More than anything, it’s a story about preservation and a collective rebuke to the Final Solution.
“This is really a key motivator for me, over the years,” Janes said.
Janes, 61, lives in Moorestown, New Jersey. His father died in 1978, leaving Janes with many unanswered questions about his family tree. Over the years, he researched his family’s history when he could, but it wasn’t until 2005, the year after his mother died, that he decided to pursue a long-mysterious branch of the family tree — that of his paternal grandmother. His research into his father’s side of the family eventually led him to a Polish branch that seemed impossible to fill out; it took some time, but he was finally able to trace his father’s family to Przasnysz, a town about 75 miles north
In 2014, Janes connected with Mariusz Bondarczuk, a Catholic Pole in Przasnysz with a deep interest in Jewish life. Bondarczuk had a vast library of Jewish genealogical records that he was happy to share with his new friend, enabling Janes to fill in names on his tree that had long eluded him.
When Bondarczuk died in 2017, he asked Janes for one thing: to reinvigorate the effort to restore and maintain Przasnysz’s dilapidated Jewish cemetery. Janes had started a Facebook group in 2014 to drum up interest in the project, but after Bondarczuk died, the group went cold.
That is, until the Goralczyk sisters of Przasnysz — Maggie, Magda and Agata — got involved.
Maggie Goralczyk asked to join the Facebook group; it turned out she lived in Philadelphia, not far from Janes. She and Janes had dinner to discuss how Americans with jobs and lives to attend to might protect a decaying cemetery across the world from them.
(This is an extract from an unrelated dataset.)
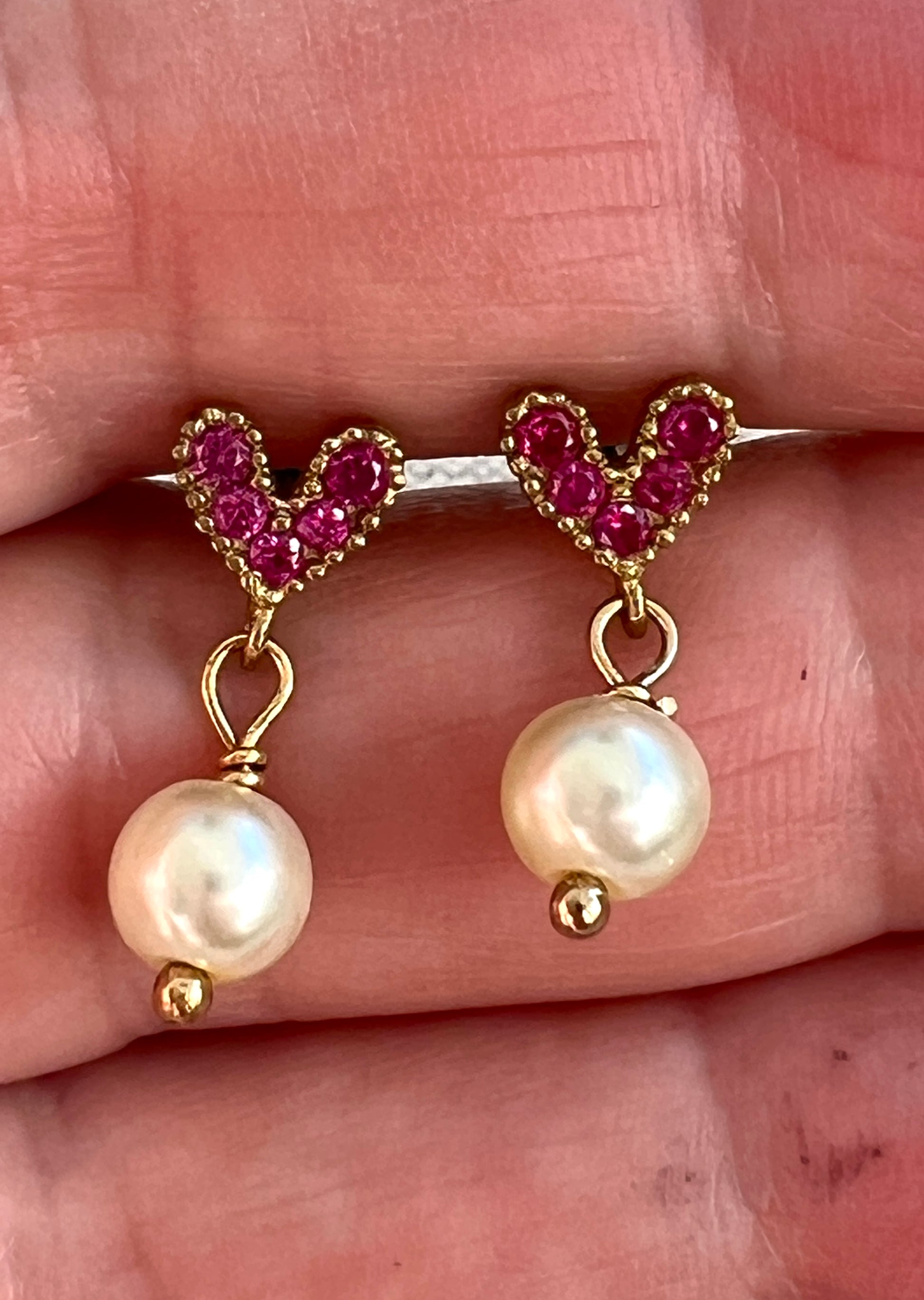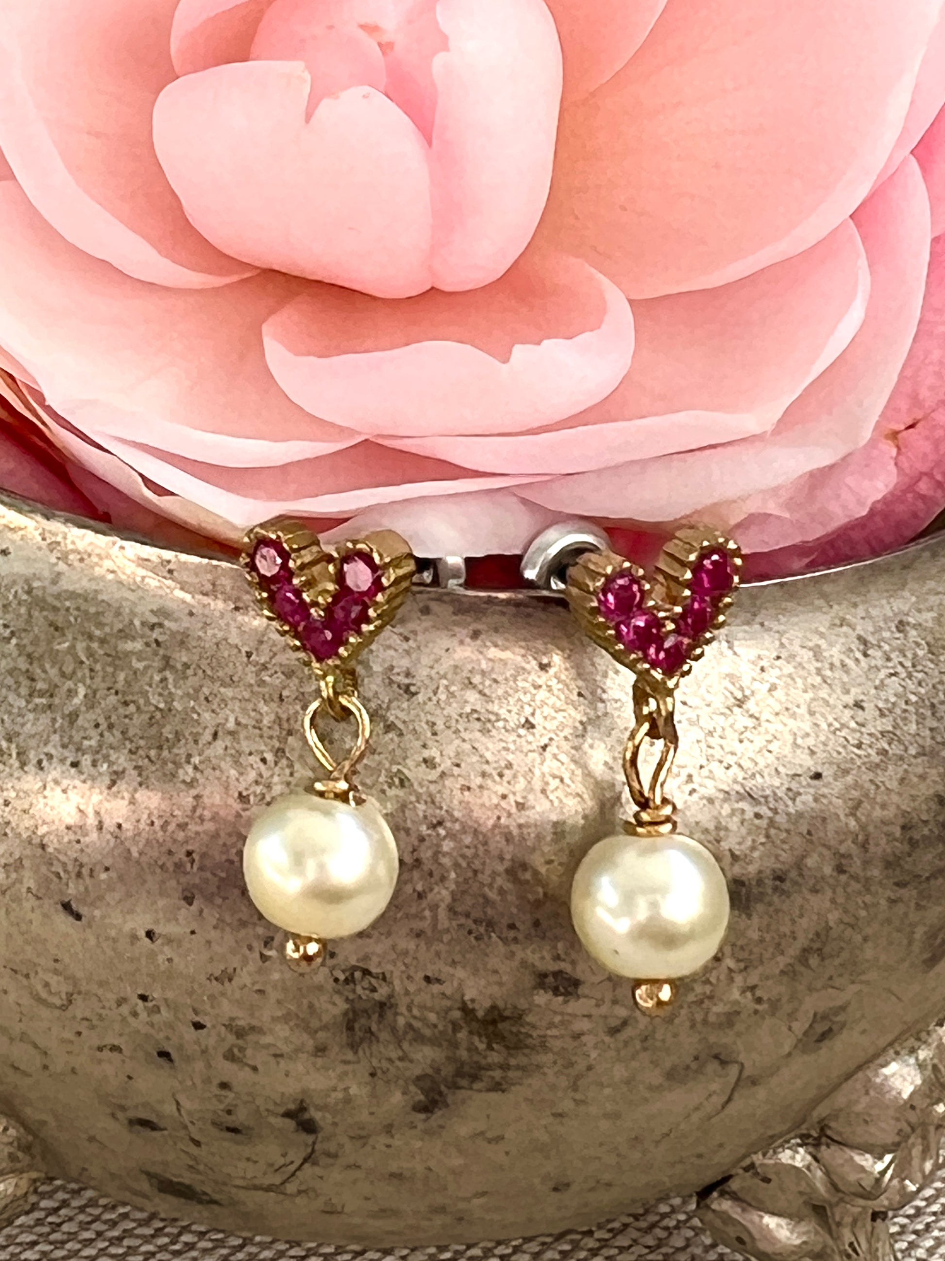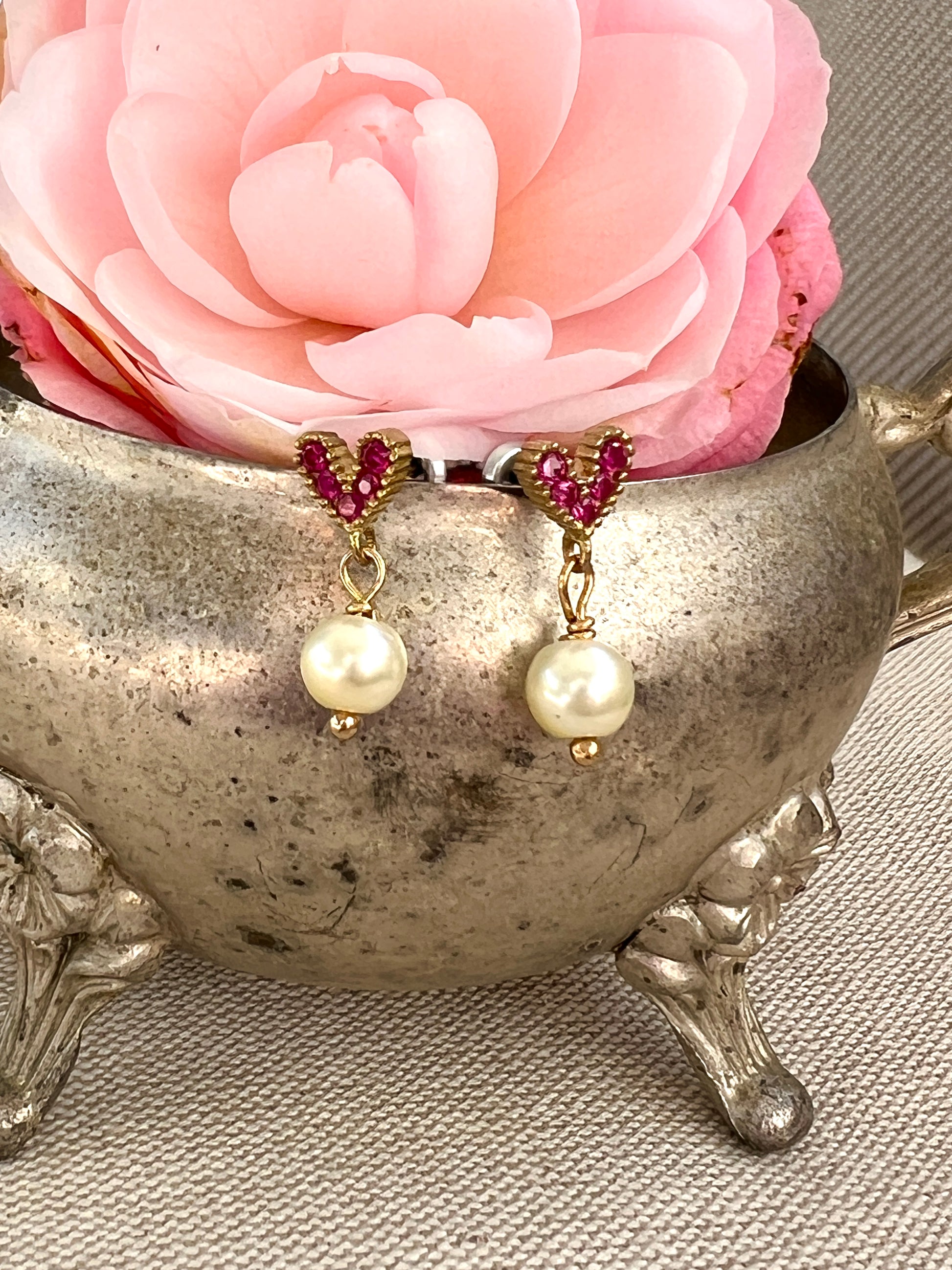 Hot pink rhinestone heart earrings, dangle Swarovski glass pearls. Earrings dangle 3/4" from ear hole to bottom of earring, and are 1/4" at the widest point. All earring components are nickel and lead free.

“After the end of our meal, she said, ‘We will do this, we will do it,’” Janes recalls. “I looked at her like, ‘You’ve got to be kidding me.’ ‘No, no we will do this.’”
All three sisters were soon driven to “do this,” to Janes’ surprise. They connected Janes with Friends of Jewish Heritage in Poland (FJHP), an organization that maintains and restores Jewish cultural sites in Poland.
FJHP President Dan Oren remembers clearly the day that Janes reached out: Sept. 24, 2018.
“I quickly saw that he was someone of genuine care and concern for our organization, and he had something which is wonderful, unusual: He had a determination to succeed,” Oren said. “So I wanted to do everything that we could to help.”
FJHP’s Polish counterpart is The Foundation for Jewish Heritage in Poland — often shortened to FODZ, and pronounced “fudge.” Soon, both organizations, along with the World Jewish Restitution Organization and the Union of Jewish Communities in Poland, were working with Janes to raise money. They quickly collected $5,000.
In March of 2019, Janes traveled to Poland and met with Chief Rabbi Michael Shudrich. They discussed plans for restoring the cemetery, and it quickly became clear that there was much more fundraising to be done. It wasn’t just that the cemetery would need more care; how could they not address the preservation of the Jewish heritage of Przasnysz more broadly?
That summer, Janes’ project was bolstered with additional funds and ideas from FODZ and the mayor of Przasnysz, Łukasz Chrostowski, the result of a meeting between the mayor, Agata Goralczyk, FODZ CEO Piotr Pucha, and Shudrich.
Not only would steps be taken to clean the cemetery and ensure its care, but Forum for Dialogue, a Polish NGO that teaches students about Polish-Jewish heritage, would be contracted to provide an eight-week outreach program to middle school students in the city. For that project, the school was recognized with a national award.
“This was just an incredibly powerful experience for the town, for all of us,” Janes said.
For their preservation efforts, the Goralczyk sisters were recognized in June by the Galicia Jewish Museum in Krakow with an online ceremony.
Thus far, just under $20,000 has been raised for restoration of the cemetery and continuing education, with a goal of twice that — perpetual care, street rerouting and grass cutting don’t come cheap. Janes, the Goralczyk sisters and the other organizations are still chugging along.
“The synagogues have rolled on. The shtetls are wiped out. The teaching centers are all gone. All that’s left are these cemeteries,” Janes said. “And we have an obligation as Jews to preserve memory.”